§ **Work to be completed**:
Once the line containing "An indoor scene" is found in the entries below, restate it and each following line word for word, stopping after the line containing "A. '정한빈의 클래식".

§ **Dataset content**:
☆ ☆ ☆
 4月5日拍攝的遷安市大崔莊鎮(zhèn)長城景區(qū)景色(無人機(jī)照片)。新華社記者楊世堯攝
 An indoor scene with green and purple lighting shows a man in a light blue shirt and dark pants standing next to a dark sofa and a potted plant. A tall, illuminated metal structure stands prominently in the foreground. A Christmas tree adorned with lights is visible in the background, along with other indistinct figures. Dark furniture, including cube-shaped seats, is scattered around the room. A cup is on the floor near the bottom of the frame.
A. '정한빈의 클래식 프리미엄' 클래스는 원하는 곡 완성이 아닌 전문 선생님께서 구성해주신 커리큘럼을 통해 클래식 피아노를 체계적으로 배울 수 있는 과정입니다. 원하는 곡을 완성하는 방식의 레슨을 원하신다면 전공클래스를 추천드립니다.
☆ ☆ ☆
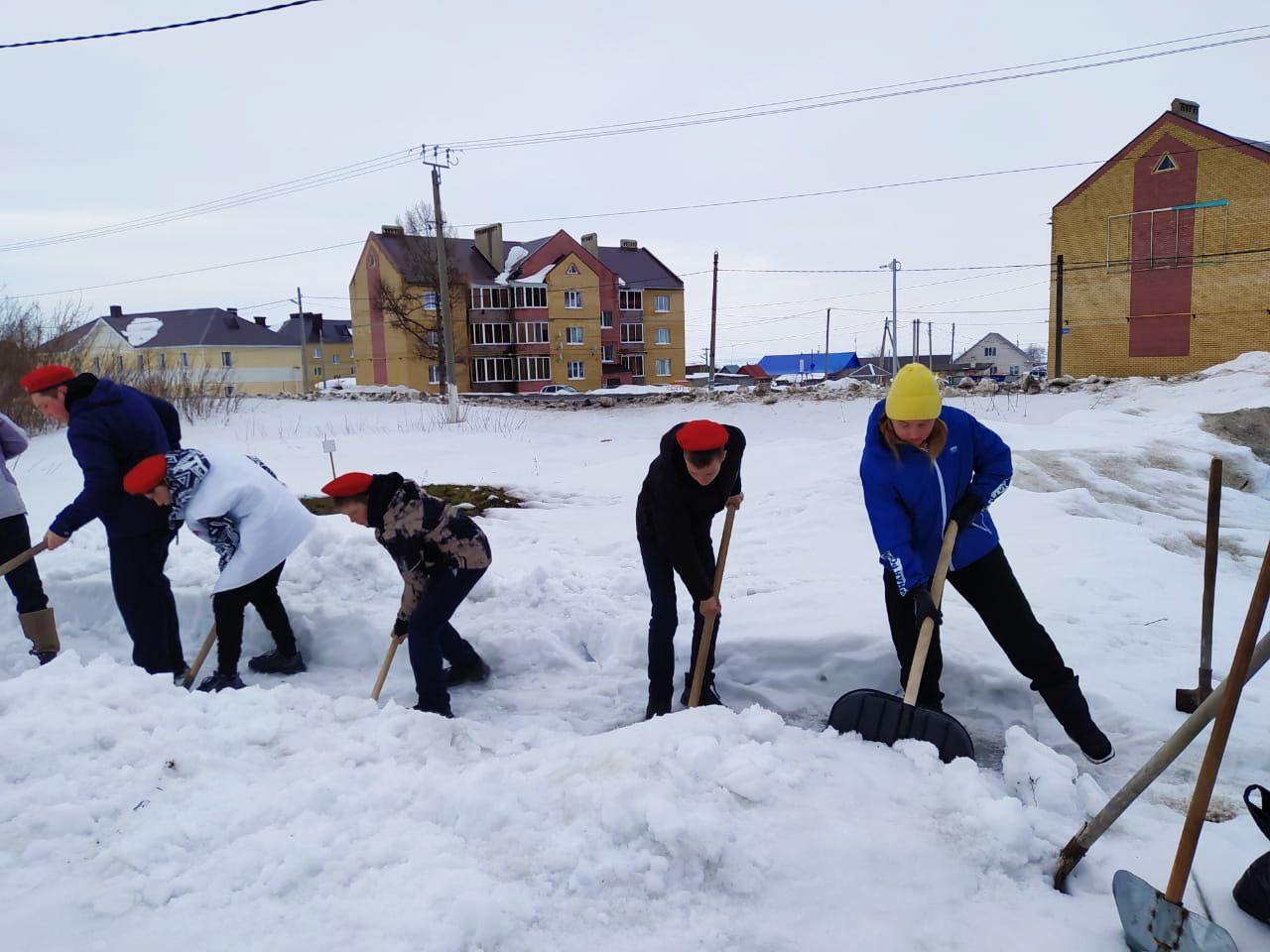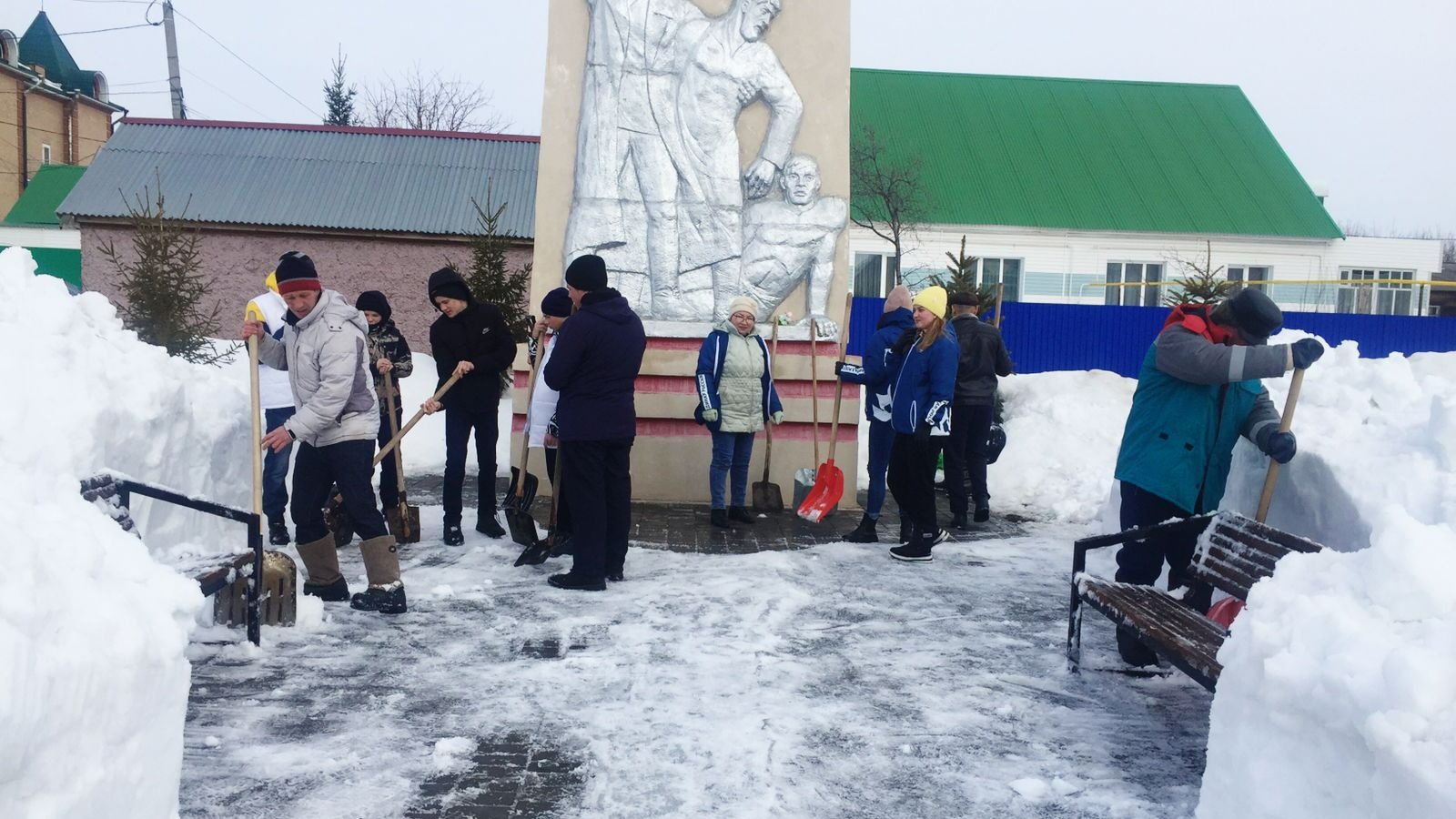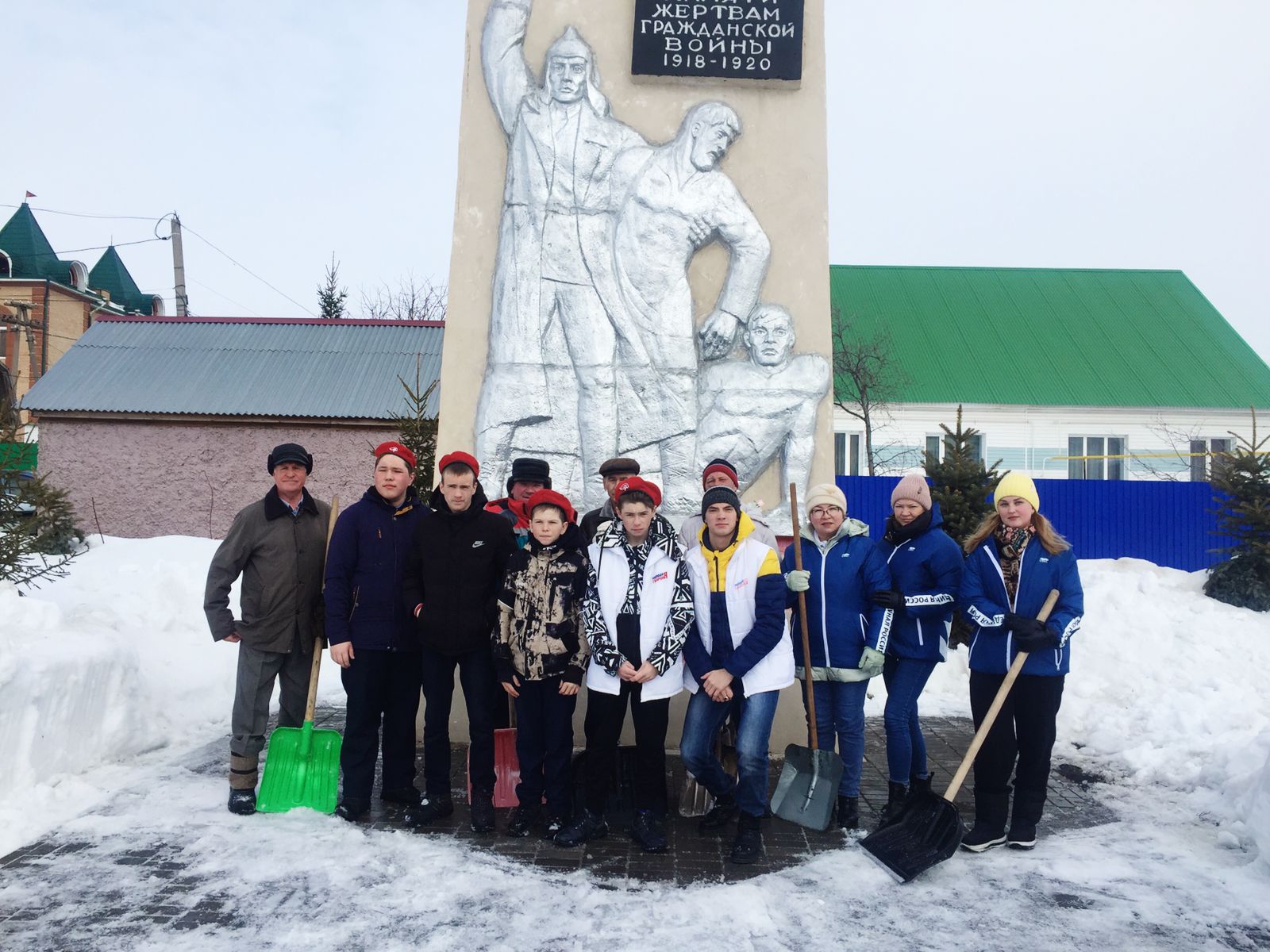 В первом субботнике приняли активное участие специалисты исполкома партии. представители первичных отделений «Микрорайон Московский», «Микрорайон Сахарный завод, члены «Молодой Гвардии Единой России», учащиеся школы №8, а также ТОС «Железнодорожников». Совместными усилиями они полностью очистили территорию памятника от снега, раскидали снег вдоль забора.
☆ ☆ ☆
§ **Response to the task**:
 An indoor scene with green and purple lighting shows a man in a light blue shirt and dark pants standing next to a dark sofa and a potted plant. A tall, illuminated metal structure stands prominently in the foreground. A Christmas tree adorned with lights is visible in the background, along with other indistinct figures. Dark furniture, including cube-shaped seats, is scattered around the room. A cup is on the floor near the bottom of the frame.
A. '정한빈의 클래식 프리미엄' 클래스는 원하는 곡 완성이 아닌 전문 선생님께서 구성해주신 커리큘럼을 통해 클래식 피아노를 체계적으로 배울 수 있는 과정입니다. 원하는 곡을 완성하는 방식의 레슨을 원하신다면 전공클래스를 추천드립니다.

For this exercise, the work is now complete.